Hilton and Baird advertised furniture in the “modern style” and of workmanship unsurpassed by “any other house in the trade.” In 1833, when they made this announcement, “modern style” invariably included the Grecian style, but later in the decade the partners undoubtedly turned to Gothic and Elizabethan styles, both in demand in Montreal by the beginning of the 1840s. Much of the work produced in their workshop was executed in either rosewood or mahogany, imported woods which they also sold to other cabinet-makers.
The reputation which Hilton and Baird made for themselves quickly spread beyond Montreal. Although there were competent cabinet-makers at Quebec, the Quebec merchant J. Benjamin ordered his custom-made furniture from them. Another customer was Abraham Joseph*, the Quebec representative of the firm of H. Joseph and Company. Not even two fires, deliberately set by an arsonist on 4 and 13 Feb. 1843 and causing damages estimated at £600, impeded Hilton and Baird’s progress.
By 1845 Hilton was anxious to bring his son William into partnership. On 17 May, therefore, the partnership with Baird was terminated. Baird retained the premises on Place d’Armes and launched into business on his own. He had sufficient work on hand by July to warrant advertising for “Several good cabinet makers.”

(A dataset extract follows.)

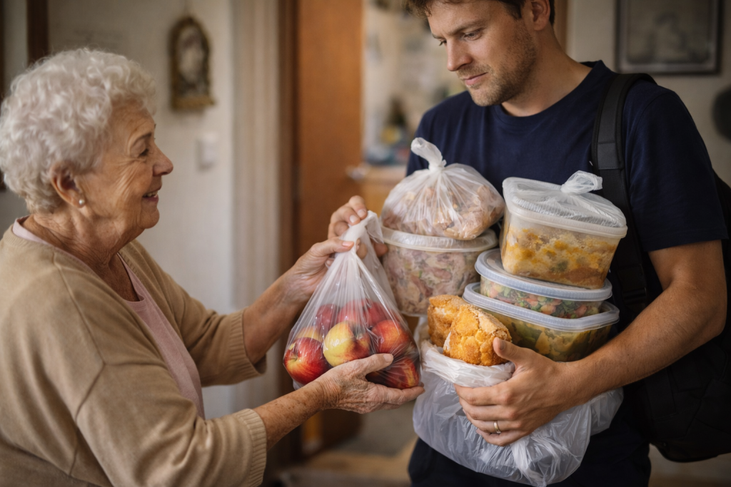 Láska v slovenskej rodine sa často balí do dóz, pohárov a mikroténových tašiek. Návšteva sa málokedy končí len rozlúčkou. Skôr odchodom s plnými rukami. Koláč, polievka, rezne, ovocie zo záhrady, niečo z mrazničky, niečo „len tak, nech je“. Odmietanie nemá význam. Tento proces sa už nedá zastaviť. Nie je to len o jedle. Je v tom odkaz, že domov ostáva miestom, kde sa človek nemusí starať o všetko sám. Niekto naňho myslí aj po odchode.

One of Baird’s first important commissions was from the Christian Unitarian Society of Montreal. For its church, opened in 1845 (the first Unitarian church in Canada), the society entrusted Baird with the pew linings, the drapery behind the pulpit and organ railings, and a large wall hanging. The work was carried out in drab moreen and crimson damask, both colours and materials being considered the height of good taste at the time and an effective contrast with the white walls of the church’s interior. In his advertisements Baird made much of the fact that he kept constantly on hand fine English and French satins, brocatelles, and other upholstery and curtain materials, all in “the latest fashions.”
Baird’s own religious affiliation was Methodist. In this he was in company with many of the principal cabinet-makers of Victorian Montreal. Like John Hilton, he attended St James Street Methodist Church and was a major contributor to that church’s building fund. One of Baird’s daughters, Emmaline Edmond, married in 1860 the Reverend Edward Bradshaw Ryckman, who became a distinguished Methodist clergyman.
Though Edmond Baird’s career was cut off comparatively early, he had already achieved success as a leader in a highly competitive trade, first as the partner of the outstanding John Hilton and later while conducting his own business. He left a number of descendants; a grandson, Edward Baird Ryckman, was federal minister of public works in 1926 and minister of national revenue from 1930 to 1933.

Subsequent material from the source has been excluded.